$29
Please submit your assignment by sharing a Google Colaboratory notebook shared with the instructor by the due date. All code and accompanying written portions should occur within a single notebook.
You are expected to provide written explanations and accompanying images, graphs and visualizations when appropriate. Your code is expected to contain comments and be straightforward to follow for someone knowledgeable in Python.
Some students may want to perform initial development and experimentation on their local machines rather than directly in Google Colaboratory. This is totally fine, but when finished, you should copy over your final result into Google Colaboratory.
Problem 1
In this first first problem, you will work with GeoTIFF and GeoJSON files, and use GDAL to manipulate geospatial data. You will also use the Python scientific stack to implement simple image processing algorithms, composite (e.g. temporal) operations and remote sensing indices from band data.

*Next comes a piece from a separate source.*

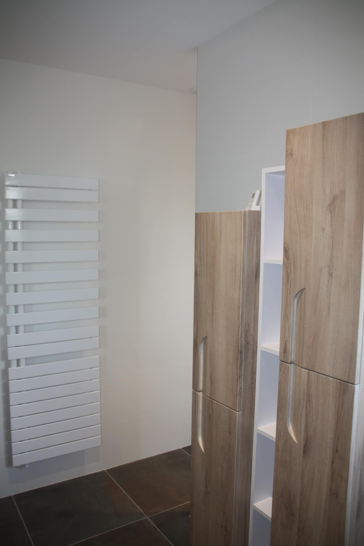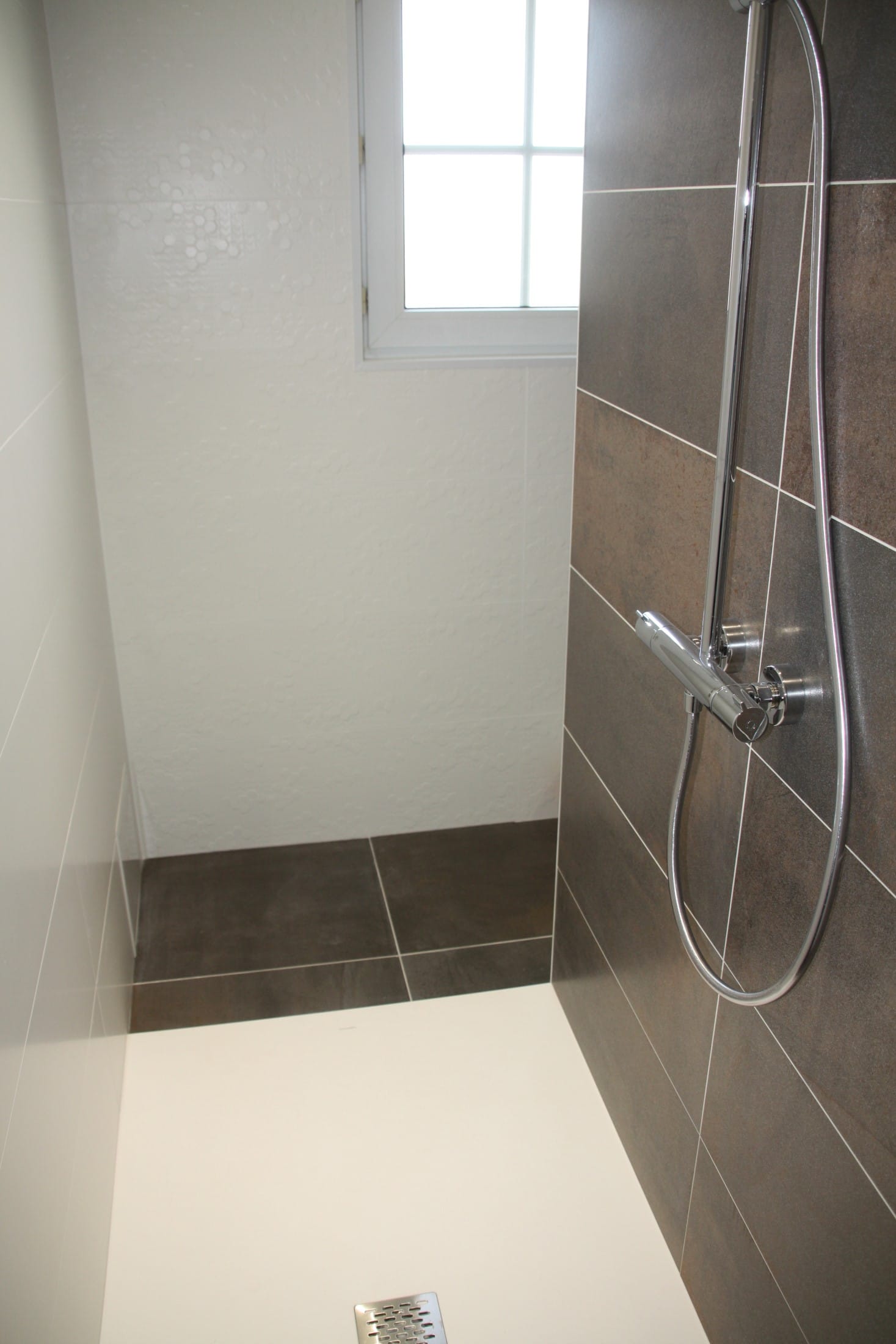 Côté douche, le receveur de douche Mcbath sur mesure (Coliséo) blanc extraplat, finition stone, s’intègre parfaitement. Le sèche-serviettes Acova (Fassane) apporte une touche design et se pilote à distance. Enfin, le carrelage salle de bain Grespania (Vulcano) habille le sol en métal oxydé effet ciment, avec un mur blanc assorti, tandis que le carrelage relief Nancy à motifs hexagonaux dynamise l’espace près de la fenêtre.

For this problem, you will be analyzing and processing imagery from Sentinel 2 (L1C, Top of Atmosphere) taken over the greater Santa Fe metro area from 2019 to 2020. Each GeoTIFF file contains seven bands [red, green, blue, nir, swir1, swir2, alpha]. Upon examination of this dataset, you will notice that the resolution and coordinate reference system of each file does not match.
There is a zip file that contains the contents of this dataset, called s2_santafe.zip.
Task 1 - Align the dataset
For the first part of this problem, you are asked to create a spatially aligned dataset from the provided dataset. Specifically, every file in your output dataset should be at the same resolution, coordinate reference system and spatial extent. I would recommend projecting all your images to UTM. Your code should take the provided input dataset and write out the output dataset. If using GDAL on the command line rather than with the Python bindings, your code can be a bash script or the accompanying equivalent in Python.
There is a GeoJSON file that contains the spatial extent that each image in your output dataset should match, called santafe_crop.geojson.
Task 2 - Analyze the dataset
Once you have created an aligned dataset, you will perform some analysis on this dataset.
First, you are asked to compute a histogram of values across the entire temporal stack each of the six bands (excluding the alpha band).
Next, across the temporal stack, you are asked to:
• Find the greenest scene (e.g. most vegetated scene -> max(NDVI))
• Find the snowiest scene (NDSI)
• Find the cloudiest scene
• Find the brightest scene
Note that your outputs should be from the result of your technique / code / algorithm running on the stack of imagery. You are NOT allowed to produce your answers simply through visual inspection of the data, although you will certainly want to inspect the data closely to figure out what approach to take. For each answer, provide the scene ID and the corresponding image to answer each question.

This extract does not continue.